Gets or sets the vertical alignment characteristics that are applied to a FrameworkElement when it is composed in a parent object such as a panel or items control.

public:
 property VerticalAlignment VerticalAlignment { VerticalAlignment get(); void set(VerticalAlignment value); };
VerticalAlignment VerticalAlignment();

void VerticalAlignment(VerticalAlignment value);
public VerticalAlignment VerticalAlignment { get; set; }
var verticalAlignment = frameworkElement.verticalAlignment;
frameworkElement.verticalAlignment = verticalAlignment;
Public Property VerticalAlignment As VerticalAlignment
<frameworkElement VerticalAlignment="verticalAlignmentMemberName"/>

Property Value

A vertical alignment setting, as a value of the enumeration. The default is Stretch.

Examples

In this example, the value Center is assigned to HorizontalAlignment and VerticalAlignment to position the TextBlock elements in the center of the Grid cells.

<Grid x:Name="LayoutRoot" Background="Coral" Width="300" Height="100">
    <Grid.ColumnDefinitions>
        <ColumnDefinition />
        <ColumnDefinition />
    </Grid.ColumnDefinitions>
    <Grid.RowDefinitions>
        <RowDefinition />
        <RowDefinition />
    </Grid.RowDefinitions>
    <TextBlock Grid.Column="0" Grid.Row="0" Text="First Name" 
        HorizontalAlignment="Center" VerticalAlignment="Center" />
    <TextBlock Grid.Column="0" Grid.Row="1" Text="Last Name" 
        HorizontalAlignment="Center" VerticalAlignment="Center" />
    <TextBox Grid.Column="1" Grid.Row="0" />
    <TextBox Grid.Column="1" Grid.Row="1" />

</Grid>

Remarks

Alignment properties are intended to hint the desired layout to an adaptive layout container. They're typically set on FrameworkElement children and interpreted by another FrameworkElement container parent (typically a ContentControl derived class or a Panel derived class, or perhaps a presenter). Setting alignment properties on a child element is no guarantee that anything happens; the behavior depends on the layout composition and the parent elements involved.

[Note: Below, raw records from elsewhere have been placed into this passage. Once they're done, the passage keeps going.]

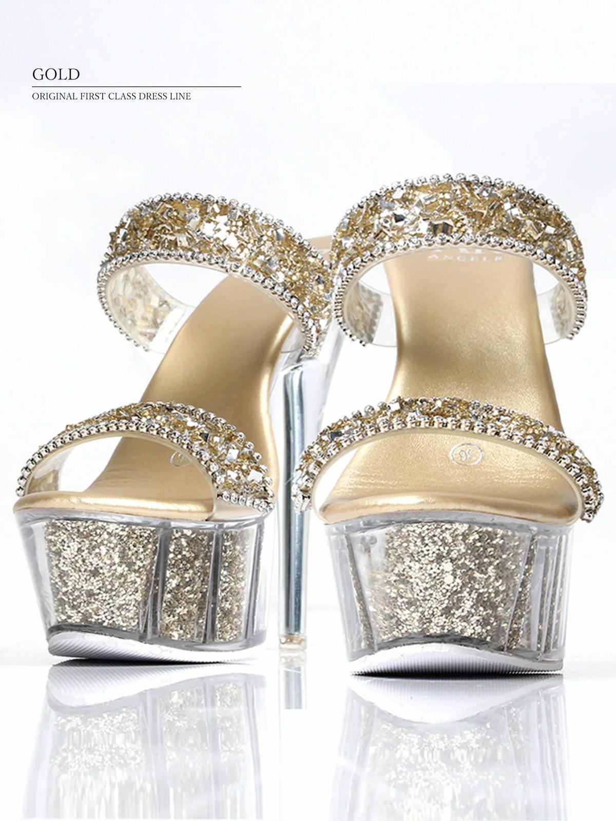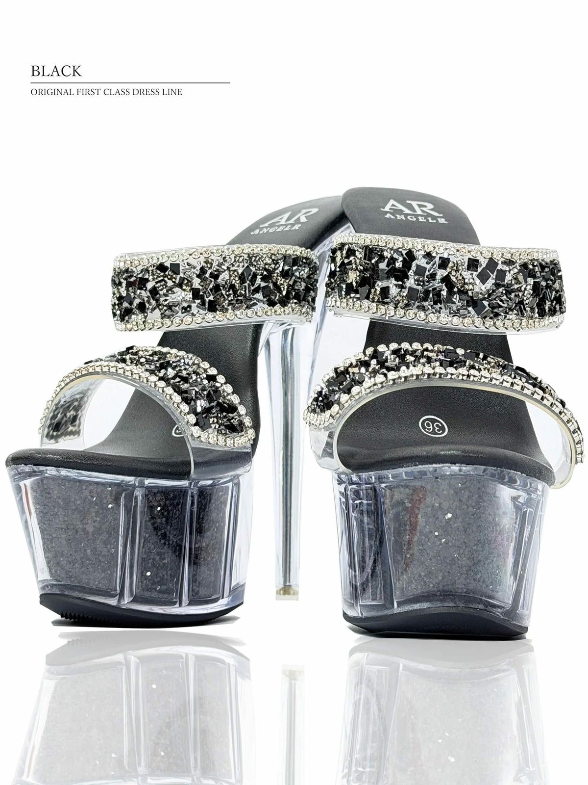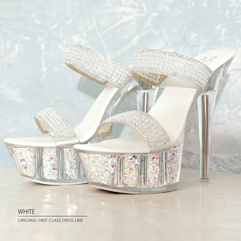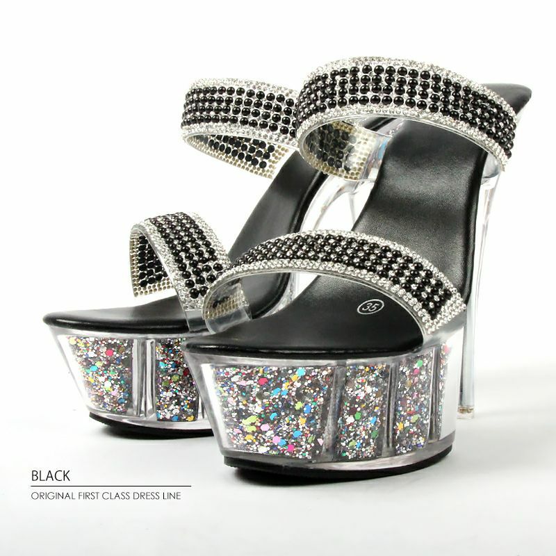 他の画像を見る 17cmヒール☆クリア感あり!足元が輝く☆ 予約商品【2月下旬入荷予定】[Angel-R/エンジェルアール] 高級シングルビジューラメクリア厚底サンダルオープントゥハイヒール ¥ 13,200 税込 お気に入りに追加
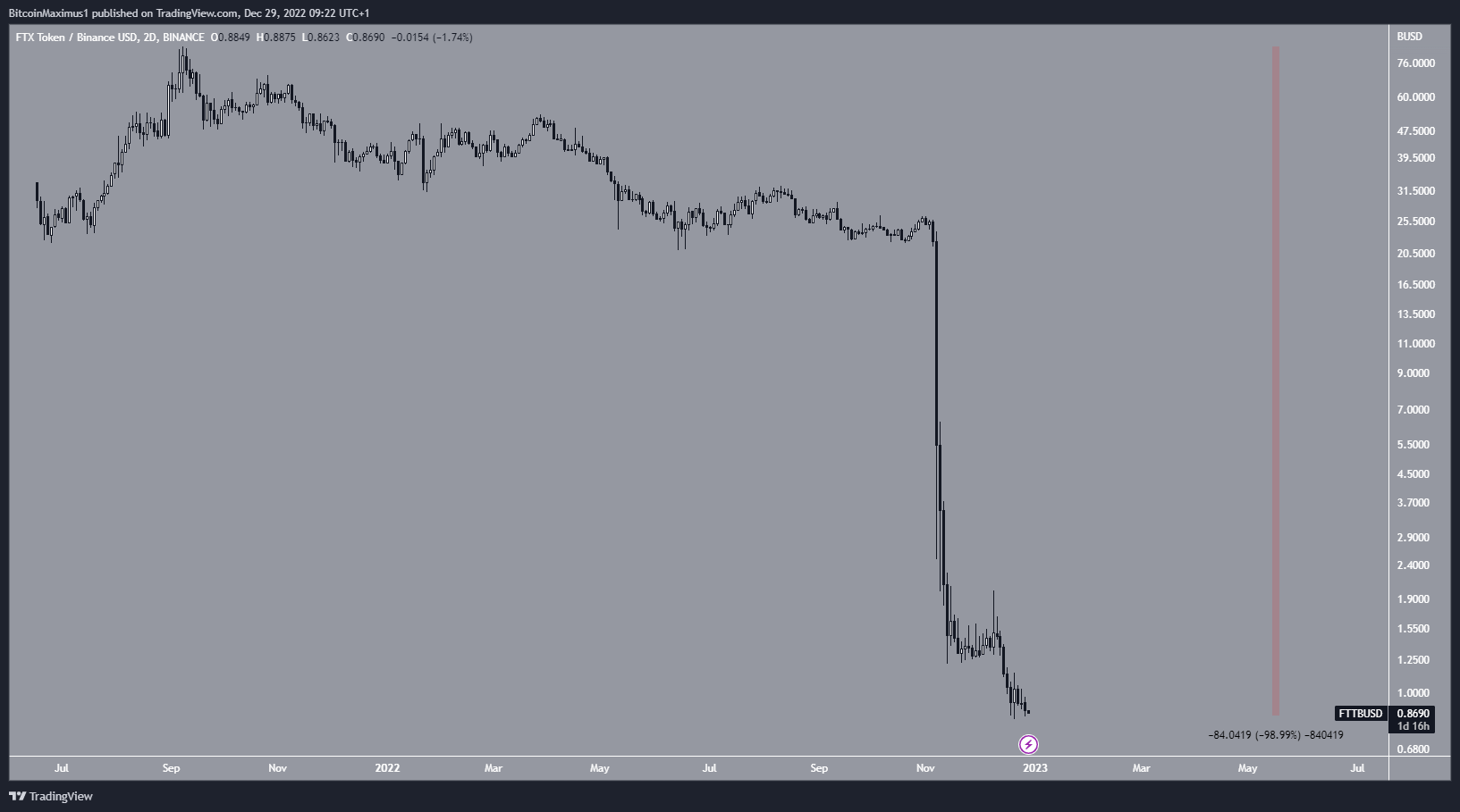 While it has not technically crashed to $0, the FTT price has fallen by 99% since its all-time high and is trading below $1. The crash began on Nov. 8, after rumors began to circulate that the FTX exchange is insolvent. Shortly afterward, the exchange declared bankruptcy. Sam Bankman-Fried, the exchange’s CEO is now facing legal proceedings.
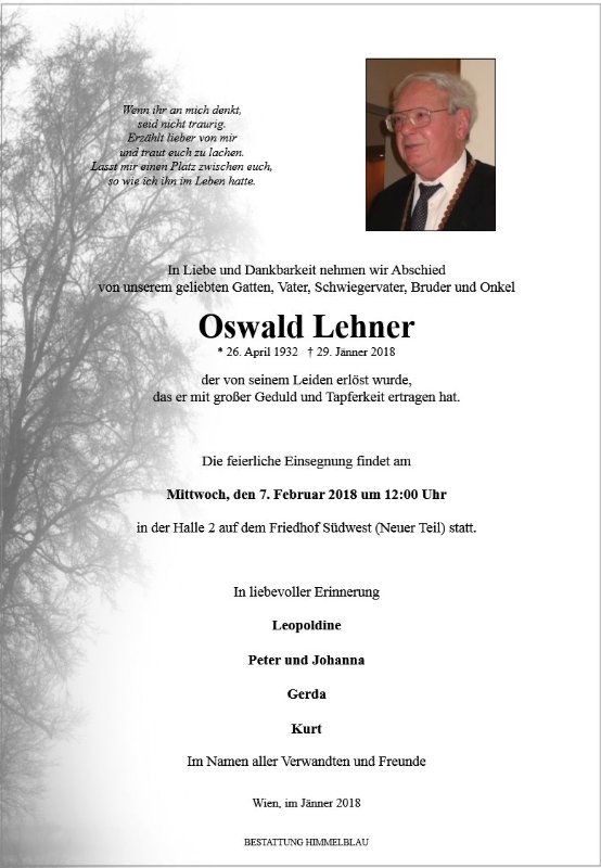 geboren am 26. April 1932 gestorben am 29. Januar 2018 in Wien
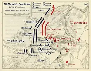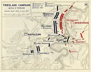 The engagement at Friedland was a strategic necessity after the Battle of Eylau earlier in 1807 had failed to yield a decisive verdict for either side. The battle began when Bennigsen noticed the seemingly isolated reserve corps of Marshal Lannes at the town of Friedland. Bennigsen, who planned only to secure his march northward to Wehlau and never intended to risk an engagement against Napoleon's numerically-superior forces, thought he had a good chance of destroying these isolated French units before Napoleon could save them, and ordered his entire army over the Alle River.[13] Lannes skillfully held his ground against determined Russian attacks until Napoleon could bring additional forces onto the field. Bennigsen could have recalled the Russian forces, numbering about 50,000–60,000 men on the opposite bank of the river, and retreated across the river before the arrival of Napoleon's entire army but, being in poor health, decided to stay at Friedland and took no measures to protect his exposed and exhausted army.[13] By late afternoon, the French had amassed a force of 80,000 troops close to the battlefield. Relying on superior numbers and the vulnerability of the Russians with their backs to the river, Napoleon concluded that the moment had come and ordered a massive assault against the Russian left flank. The sustained French attack pushed back the Russian army and pressed them against the river behind. Unable to withstand the pressure, the Russians broke and started escaping across the Alle, where an unknown number of them died from drowning.[14] The Russian army suffered horrific casualties at Friedland–losing over 40% of its soldiers on the battlefield.[15]

When the Height and Width properties are explicitly set or calculated on an object, those measurements are more important to typical layout logic, and can cancel the effects of setting VerticalAlignment to Stretch. Layout constraint properties (such as MaxHeight) also affect the maximum or minimum layout size for a Stretch layout situation. Stretch is the default so that it's easier to use adaptive layout techniques in the cases where there is no explicit measurement. But if there are either Height and Width or clipping, the layout acts as if the value is Top for VerticalAlignment, typically Left for HorizontalAlignment (Right for right-to-left culture info or explicit FlowDirection values). For more info, see Alignment, margin, and padding.

Canvas does not use VerticalAlignment when composing layout, because Canvas is based on absolute positioning. In general, the value of VerticalAlignment is potentially treated differently by any object that is capable of having one or more FrameworkElement objects as child content. Each such parent object can have its own layout logic.

Each XAML UI element might apply this property differently based on the Style setters for the implicit style. The apparent "default value" for VerticalAlignment in each UI element can be different. For example, a Button control starts with the value Center. If the UI element is a control, the VerticalAlignment value might also affect the control's visual template.

In content controls, the control template often uses {TemplateBinding} markup extension expressions to bind the VerticalContentAlignment property to a VerticalAlignment property on some element within its template, such as the presenter or the element used as the content area.